• [How to complete this task]
What is needed is an exact reproduction of the lines from the one that contains "All signs point" through the end of the data, both included and nothing else, with pictures omitted.

• [Data shown]
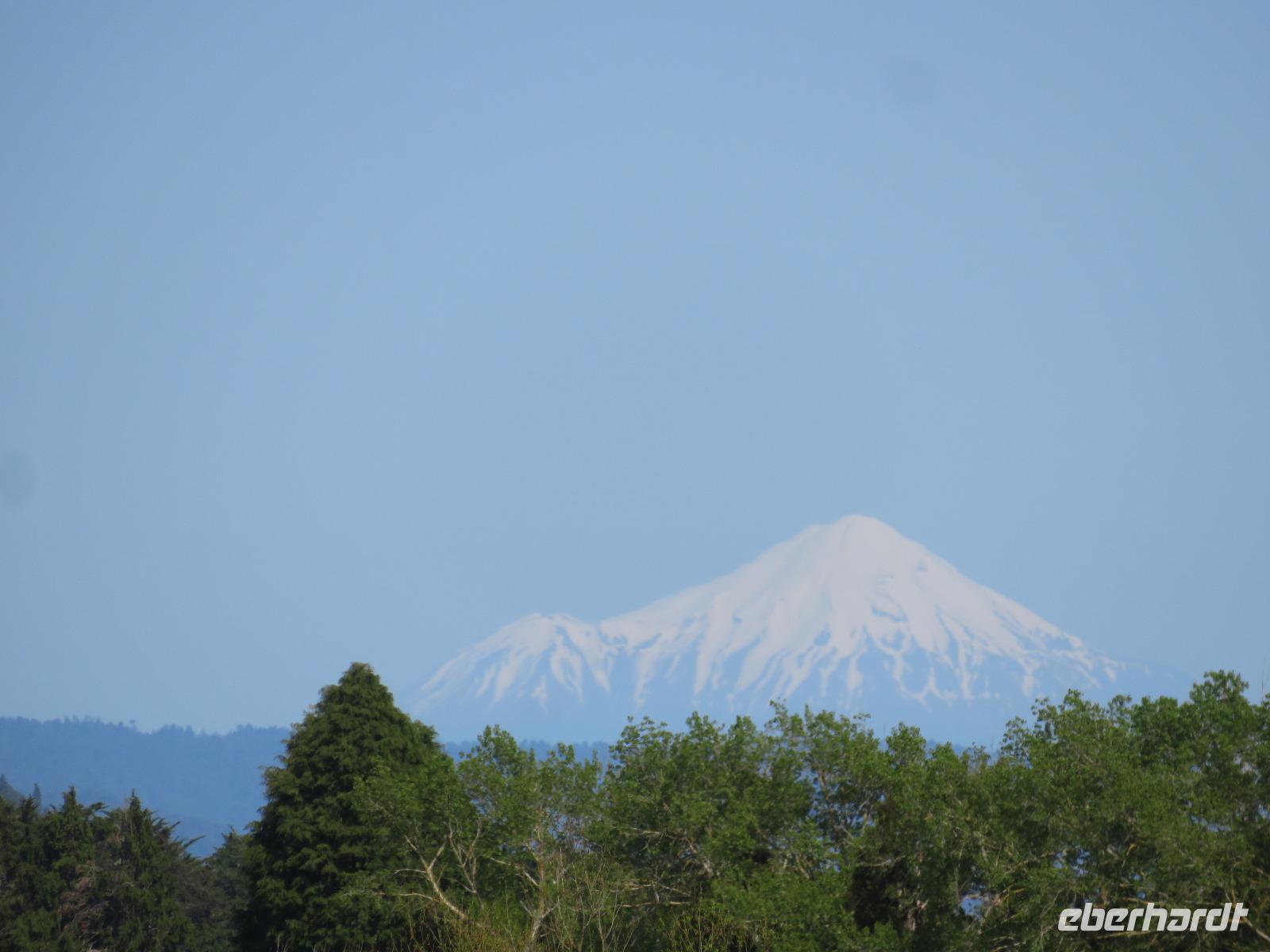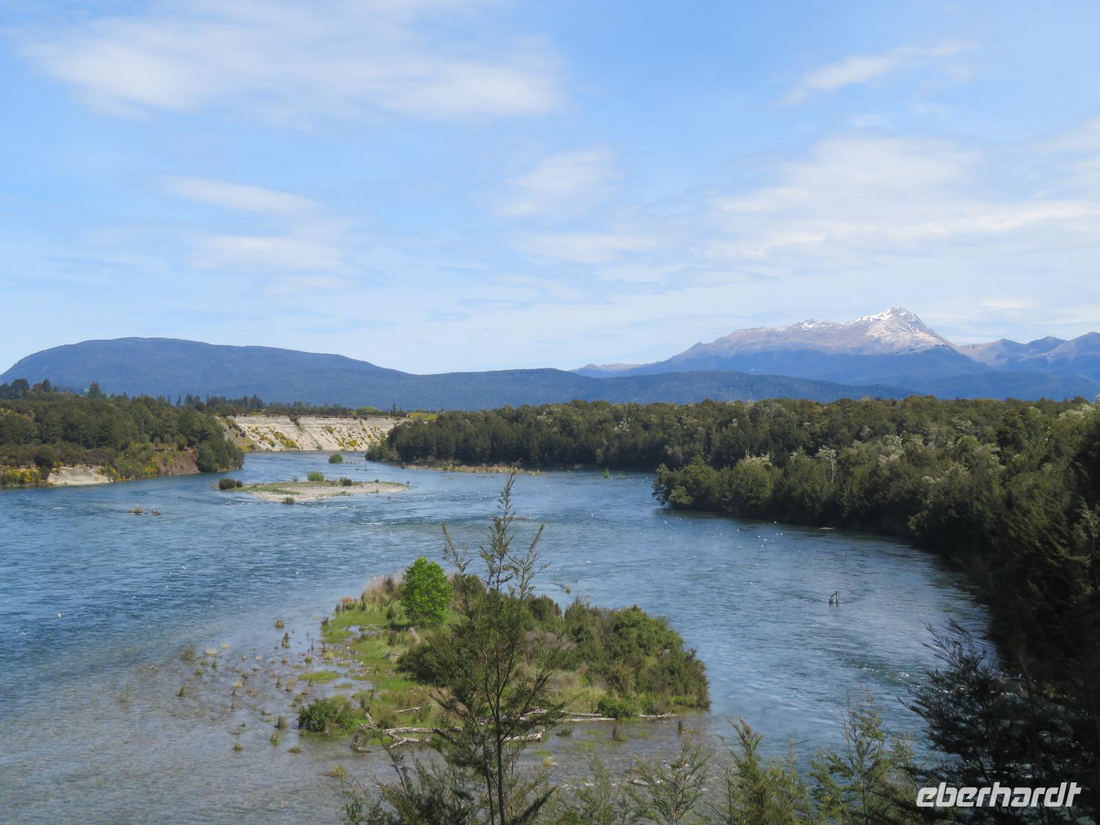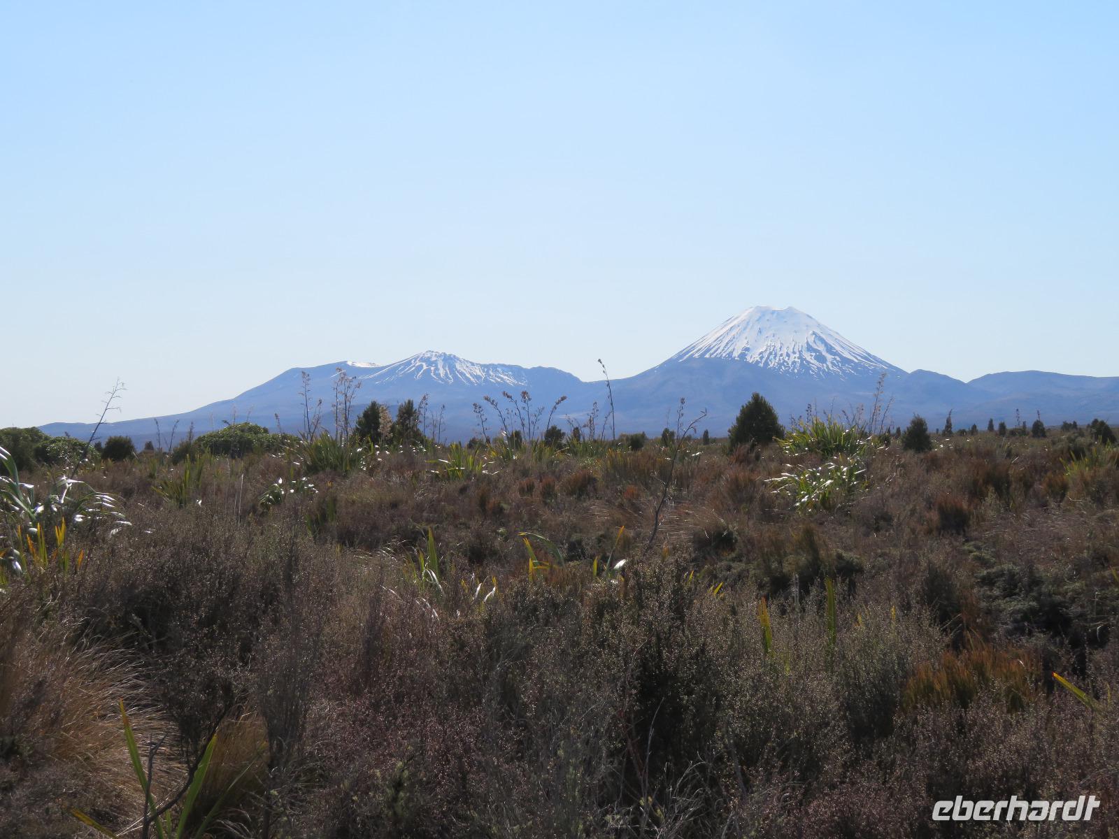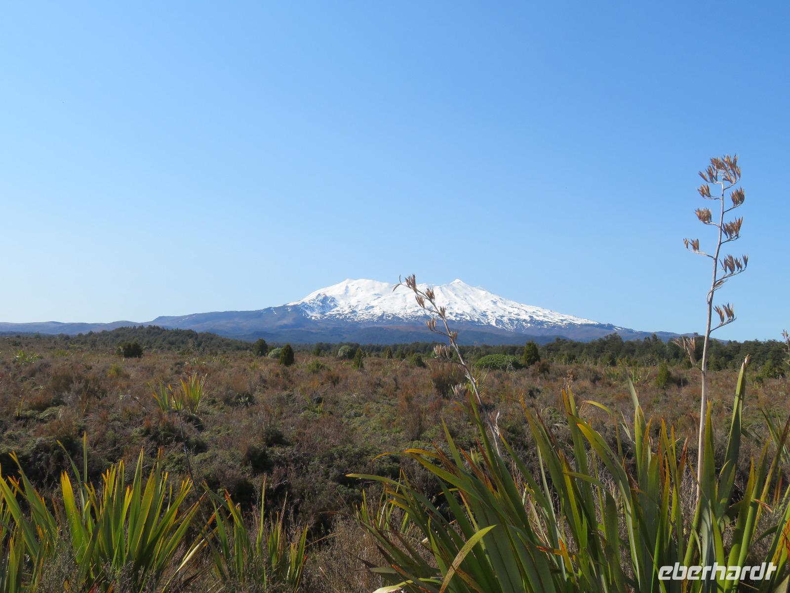 Bevor wir Rotorua verlassen, legen wir noch einen Stopp am alten Badehaus ein. Die Stadt ist schon immer ein beliebtes Ziel für Touristen gewesen, dank der zahlreichen Thermalquellen. Die gepfegten Rasen- und Beetanlagen rund um das alte Tudorhaus laden förmlich zum Wohlfühlen ein. Am Ufer des Sees werden wir dann noch von den berühmten neuseeländischen schwarzen Schwänen und einer jungen Familie von Pukekos mit Küken verabschiedet. Die Gegend um Rotorua ist nicht nur touristischer Anziehungspunkt, sondern ist auch ein wichtiges Zentrum der Milchwirtschaft. Entsprechend viele Weiden sehen wir auf unserer Fahrt Richtung Taupo. Wir legen noch einen Stopp bei den Bienen und den gewaltigen Huka-Falls ein und genießen schließlich eine tolle Aussicht über den größten See Neuseelands. In der Ferne sehen wir sogar schon unser Tagesziel mit schneebedeckten Bergspitzen aufblitzen - die Vulkane des Tongariro Nationalparks. Es ist allerdings noch ein guter Weg vor uns, sodass wir hier in Taupo erst nach einer kleinen Stärkung weiterfahren. Immer entlang des Sees bis Turangi, der wohl letzten größeren Ortschaft nach Taupo, hier füllen wir unsere Proviantlager wieder auf uns fahren frohen Mutes in Richtung Nationalpark - oder auch nicht. Eine kleine Ehrenrunde durch Turangi ist nötig, da es doch noch gute Seelen gibt, die unbemerkt verschwundene Kreditkarten wiederfinden und im Supermarkt abgeben ?? Wir schauen kurz noch im Besucherzentrum und dem Skigebiet von Whakapapa vorbei und beziehen dann schließlich unser Quartier. Das Skotel, Neuseelands höchst gelegenes Hotel auf 1.142 Meter Höhe! Das rustikale Ambiente und der (Dank des Wetters) direkte Blick auf die Vulkane Tongariro und Ngauruhoe - eine fast perfekte Kombination.
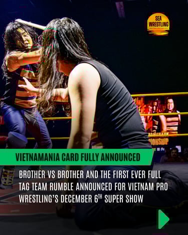 All signs point to Vietnamania being a full collaboration between Singapore Pro Wrestling (SPW) and VPW. With SPW recently hosting Viva Van, this reciprocal partnership brings several SPW names onto VPW’s biggest stage—an exchange that only benefits Southeast Asian wrestling by increasing visibility across borders.
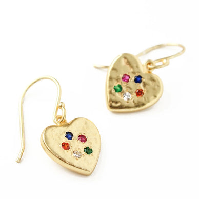 Handcrafted using fair trade techniques by artisans in India, these drop earrings feature stunning hammered hearts and a range of sparkling cubic zirconia stones.

• [Worked solution]
 All signs point to Vietnamania being a full collaboration between Singapore Pro Wrestling (SPW) and VPW. With SPW recently hosting Viva Van, this reciprocal partnership brings several SPW names onto VPW’s biggest stage—an exchange that only benefits Southeast Asian wrestling by increasing visibility across borders.
 Handcrafted using fair trade techniques by artisans in India, these drop earrings feature stunning hammered hearts and a range of sparkling cubic zirconia stones.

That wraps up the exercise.